Sorry to see this,it sucks there has to be a way to stop it. The others have good suggestions or alternatively have your name in small transparent print all through it. Pattern like LV....


----------



## charles (Apr 21, 2010)

I do have my name across now, been for a while. The plant photo is my old one. The funny thing is, when people asked me if they can use my photo to sell their fish, I most of the time say yes.


----------



## effox (Apr 21, 2010)

That's complete BS Charles, sorry to hear about this infringement man.


----------



## hondas3000 (Apr 22, 2010)

There are tons of photo out there they don't use and just use your, so that means your photo is good.


----------



## Grete_J (Oct 5, 2010)

That really sucks, especially after the work and effort put into taking quality photo's. From what I've seen, that's not uncommon in the "other pets" trade though. Henry Piorun, one of western Canada's most reknowned snake breeders had the same thing happen to him, hence the reason he watermarked every photo immediately. Someone went and stole his photos, used them to post their illegitimate ads on the Buy and Sell website... sad, pathetic, but... that seems to be part of the biz now. Hopefully the CL police will catch it, if not, like others said, at least you can take it as a compliment for your photography skills!


----------



## crazy72 (Apr 22, 2010)

Copyright infringement is a serious problem. Kids are growing up being taught that it's perfectly ok to steal one's work and make it yours. So easy nowadays. They call it the "cut-and-paste generation". Although clearly it's a cultural problem, not a generation problem. 

Fortunately there's kharma... 

Good for you Charles for not playing this game and taking your own (great) pics instead.


----------



## Ursus sapien (Apr 21, 2010)

charles said:


> ... The funny thing is, when people asked me if they can use my photo to sell their fish, I most of the time say yes.

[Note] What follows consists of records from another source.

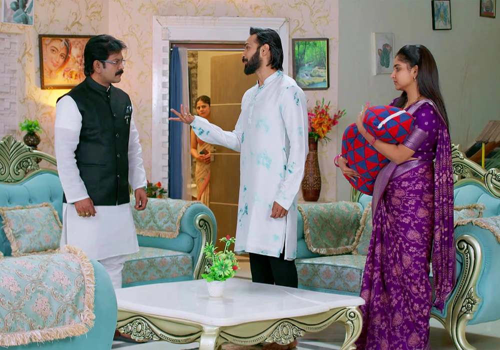 మరొకవైపు అపర్ణ, ఇందిరాదేవి కలిసి పంతులిని పిలిపించి పాప జాతకం చూడమని చెప్తారు. పాప జాతకం చాలా బాగుందని పంతులు చెప్తాడు. అప్పుడే రేఖ అక్కడికి వస్తుంది. వాళ్ళు బారసాల గురించి మాట్లాడుకుంటుంటే.. కావ్య అసలు తన బిడ్డ కాదని అంటుంటే బారసాల అంటున్నారా అని రేఖ అంటుంది. ఎప్పుడు ఎందుకు ఏదో ఒకటి మాట్లాడుతావని తనపై కోప్పడుతుంది ఇందిరాదేవి.
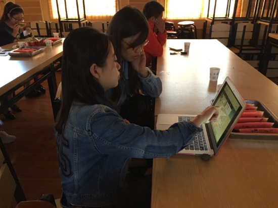 随后,共建支部交流会在南小庄村101农场会议室正式开始。首先由学生党员刘潇同学向南小庄村学生村官展示了“南小庄村微信公众平台”的初步框架,并从公众号登陆、功能设置、再到图文编辑美化排版等方面,耐心细致地向其介绍了微信公众号的日常操作流程与运营方法,协助南小庄村党支部开创互联网政务办公新模式。
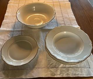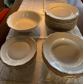 Vendo raffinato servizio in porcellana bianca con bordo sagomato e filetto dorato, marchio Winterling Marktleuthen Bavaria (Germania), sinonimo di qualità e tradizione tedesca.
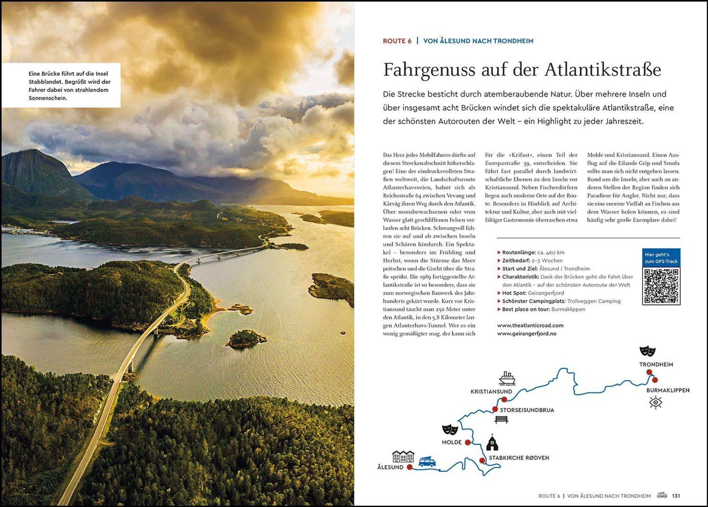 Das KUNTH Reisebuch "Mit dem Wohnmobil durch Norwegen" ist wie ein Kompass für alle, die den Norden im eigenen Rhythmus erkunden möchten, mit dem Wohnmobil als Zuhause auf Zeit. Es entführt in eine Welt unberührter Natur und mystischer Landschaften, aber auch in trendige Städte und zu Welterbestätten der Kultur. Die Routen entdecken majestätische Fjorde, endlose Wälder, verträumte Fischerdörfer und die malerische Inselwelt der Lofoten. Zur idealen Vorbereitung von Reisen in das Land der Mitternachtssonne und Polarlichter dienen detaillierte Routenkarten und der integrierte Reiseatlas sowie die übersichtlichen Etappenbeschreibungen. Ergänzt wird das Reisebuch durch zahlreiche Stellplatzempfehlungen und Tipps für lohnenswerte Ausflüge entlang der Strecke.

and that's the point: consent. 
If you like the photo enough to use, respect the photographer. Get permission.


----------



## teija (Sep 30, 2010)

Yeah, I think it's the lack of respect with things like this that are the most annoying.

But I also am a firm believer in karma! Charles, you will have plenty of good coming your way. The people stealing your photos...not so much!


----------



## teija (Sep 30, 2010)

(sorry, accidental double-post)


----------



## Hammer (Apr 22, 2010)

Ditto on the "not cool". People should get thier own stuff or ask for permission.

my 2cents


----------



## Morainy (Apr 21, 2010)

I'm really sorry to hear that this is happening, Charles, even though it's a tribute to your photography skills. Particularly if the photos are being used for nefarious purposes (for example, to sell fish that aren't in the photo, or to defraud people).

Your post is a good warning to all of us, though, including me. Awhile ago I posted an ad here for my baby endlers (free). I wasn't able to take a photo of the tiny fish, so I put up a photo from the internet, and I said "looks like the fish in this photo." I didn't credit the source of the photo -- and never even thought about it, though I'm usually very careful about copyright infringement. 

Thank you for the reminder. And perhaps one day you'll offer a photography course to BCA members?


----------



## bonsai dave (Apr 21, 2010)

How do you water mark photos ?


----------